Problem description: Restate word for word the lines of the entries below, starting with the line that holds "地震发生后,珙县交警大队立即" and ending with the line that holds "各位终结者战士:欢迎参加本次", and no others.

START Information

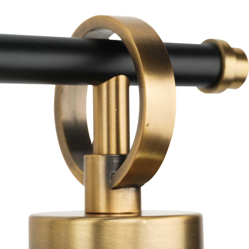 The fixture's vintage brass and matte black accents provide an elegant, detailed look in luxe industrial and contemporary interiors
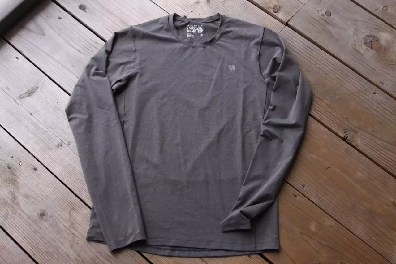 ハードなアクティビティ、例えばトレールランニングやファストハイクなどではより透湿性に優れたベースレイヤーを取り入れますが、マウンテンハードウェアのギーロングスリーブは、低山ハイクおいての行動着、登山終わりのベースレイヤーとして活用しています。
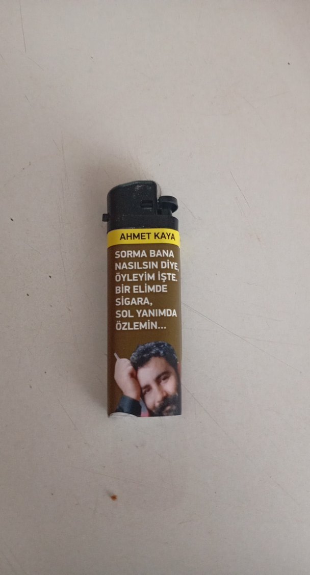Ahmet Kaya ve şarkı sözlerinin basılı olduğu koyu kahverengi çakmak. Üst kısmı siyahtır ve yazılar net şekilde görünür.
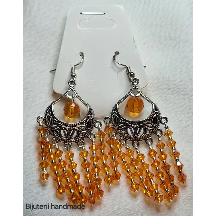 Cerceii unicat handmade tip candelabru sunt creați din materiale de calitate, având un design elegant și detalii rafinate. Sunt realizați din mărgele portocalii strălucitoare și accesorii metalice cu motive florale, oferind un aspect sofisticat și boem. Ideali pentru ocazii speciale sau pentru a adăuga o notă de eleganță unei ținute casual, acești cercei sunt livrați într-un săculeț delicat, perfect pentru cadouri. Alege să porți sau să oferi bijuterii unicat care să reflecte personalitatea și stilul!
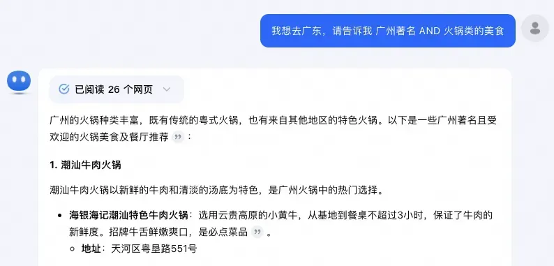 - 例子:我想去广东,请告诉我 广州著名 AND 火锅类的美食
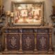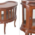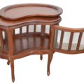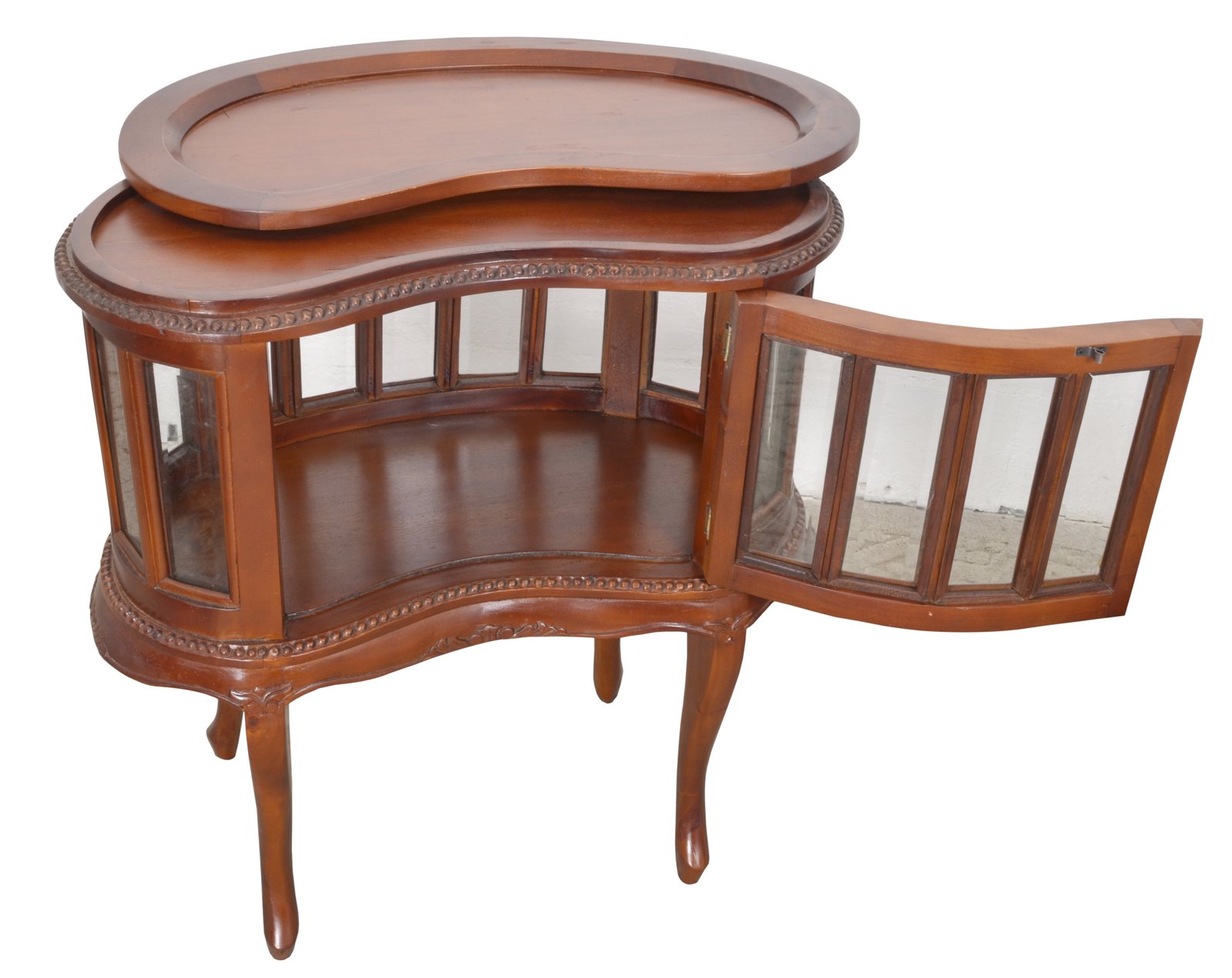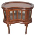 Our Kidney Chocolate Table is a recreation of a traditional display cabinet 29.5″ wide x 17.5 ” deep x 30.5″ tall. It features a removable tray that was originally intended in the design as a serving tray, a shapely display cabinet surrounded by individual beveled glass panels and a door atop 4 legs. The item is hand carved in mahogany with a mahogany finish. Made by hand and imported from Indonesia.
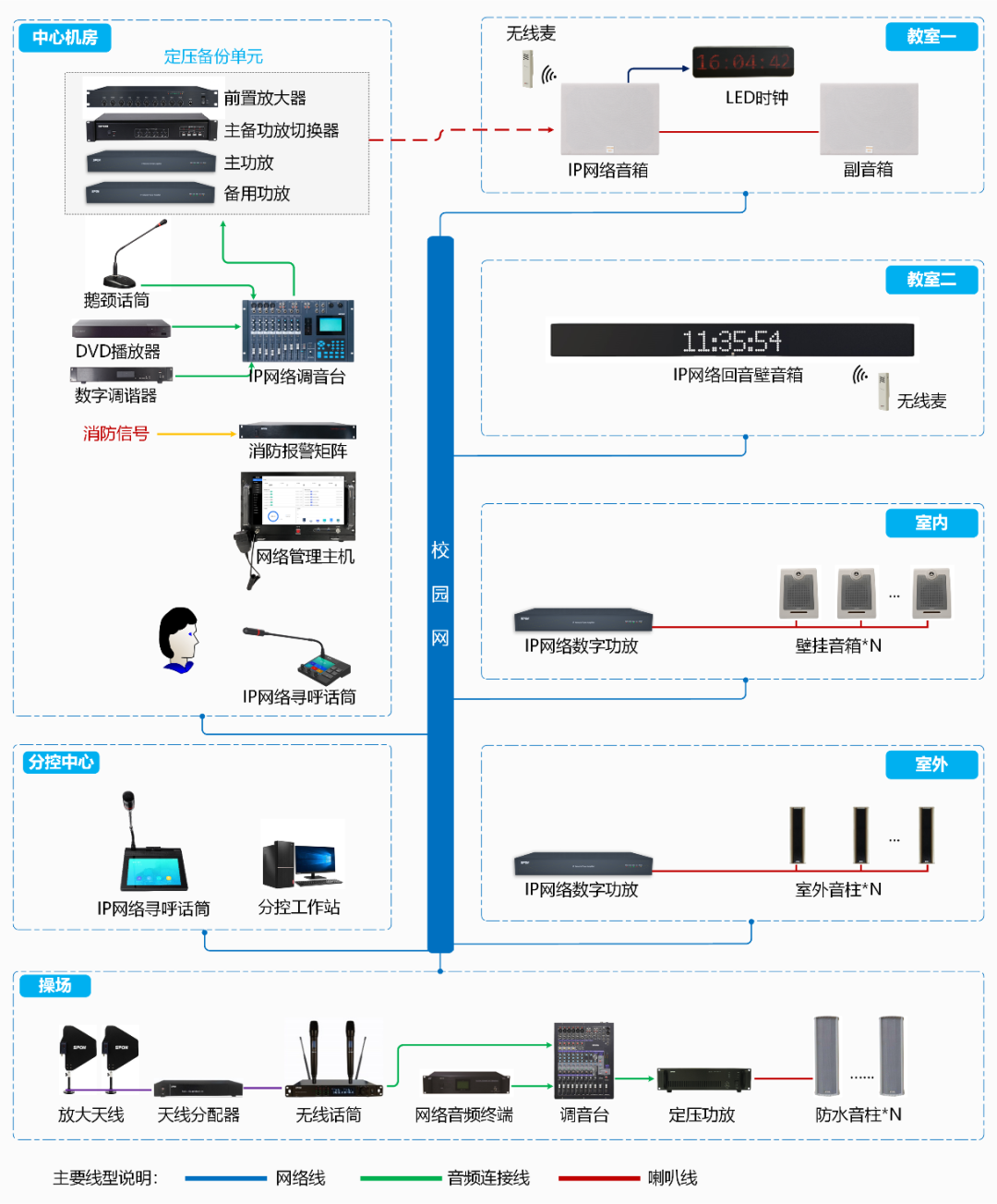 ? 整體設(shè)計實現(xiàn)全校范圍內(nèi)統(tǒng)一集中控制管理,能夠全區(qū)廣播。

END Information
START Information

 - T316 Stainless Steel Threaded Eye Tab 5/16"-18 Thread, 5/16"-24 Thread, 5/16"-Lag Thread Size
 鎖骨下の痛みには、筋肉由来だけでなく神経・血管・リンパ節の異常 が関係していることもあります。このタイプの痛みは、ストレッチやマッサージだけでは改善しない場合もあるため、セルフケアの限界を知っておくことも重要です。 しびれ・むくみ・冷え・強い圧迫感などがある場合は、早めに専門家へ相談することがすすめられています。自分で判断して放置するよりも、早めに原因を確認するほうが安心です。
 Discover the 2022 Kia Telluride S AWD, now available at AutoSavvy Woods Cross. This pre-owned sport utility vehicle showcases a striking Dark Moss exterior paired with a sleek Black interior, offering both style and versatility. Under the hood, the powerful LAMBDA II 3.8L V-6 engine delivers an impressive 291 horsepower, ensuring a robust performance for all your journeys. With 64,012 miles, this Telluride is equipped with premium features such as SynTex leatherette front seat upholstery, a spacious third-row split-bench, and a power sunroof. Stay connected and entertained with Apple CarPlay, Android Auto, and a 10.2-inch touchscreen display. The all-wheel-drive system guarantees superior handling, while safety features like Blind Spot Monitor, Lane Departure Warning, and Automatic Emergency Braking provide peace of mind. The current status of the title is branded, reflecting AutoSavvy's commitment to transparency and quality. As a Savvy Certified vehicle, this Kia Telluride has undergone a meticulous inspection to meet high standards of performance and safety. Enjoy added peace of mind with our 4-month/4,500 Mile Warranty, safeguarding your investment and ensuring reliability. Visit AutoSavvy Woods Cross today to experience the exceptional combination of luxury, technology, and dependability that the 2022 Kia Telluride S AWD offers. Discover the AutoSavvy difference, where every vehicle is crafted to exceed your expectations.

END Information
START Information

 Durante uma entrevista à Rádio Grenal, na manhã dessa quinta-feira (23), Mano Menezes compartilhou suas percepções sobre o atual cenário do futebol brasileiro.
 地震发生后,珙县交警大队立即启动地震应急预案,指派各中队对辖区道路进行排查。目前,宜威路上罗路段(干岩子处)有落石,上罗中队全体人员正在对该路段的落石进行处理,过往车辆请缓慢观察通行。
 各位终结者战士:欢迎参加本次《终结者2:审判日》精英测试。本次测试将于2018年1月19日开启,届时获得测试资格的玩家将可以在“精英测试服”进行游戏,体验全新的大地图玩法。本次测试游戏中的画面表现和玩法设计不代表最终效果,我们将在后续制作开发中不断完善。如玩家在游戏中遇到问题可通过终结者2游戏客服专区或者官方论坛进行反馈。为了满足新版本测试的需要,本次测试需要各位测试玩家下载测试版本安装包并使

END Information

Answer to this exercise:
 地震发生后,珙县交警大队立即启动地震应急预案,指派各中队对辖区道路进行排查。目前,宜威路上罗路段(干岩子处)有落石,上罗中队全体人员正在对该路段的落石进行处理,过往车辆请缓慢观察通行。
 各位终结者战士:欢迎参加本次《终结者2:审判日》精英测试。本次测试将于2018年1月19日开启,届时获得测试资格的玩家将可以在“精英测试服”进行游戏,体验全新的大地图玩法。本次测试游戏中的画面表现和玩法设计不代表最终效果,我们将在后续制作开发中不断完善。如玩家在游戏中遇到问题可通过终结者2游戏客服专区或者官方论坛进行反馈。为了满足新版本测试的需要,本次测试需要各位测试玩家下载测试版本安装包并使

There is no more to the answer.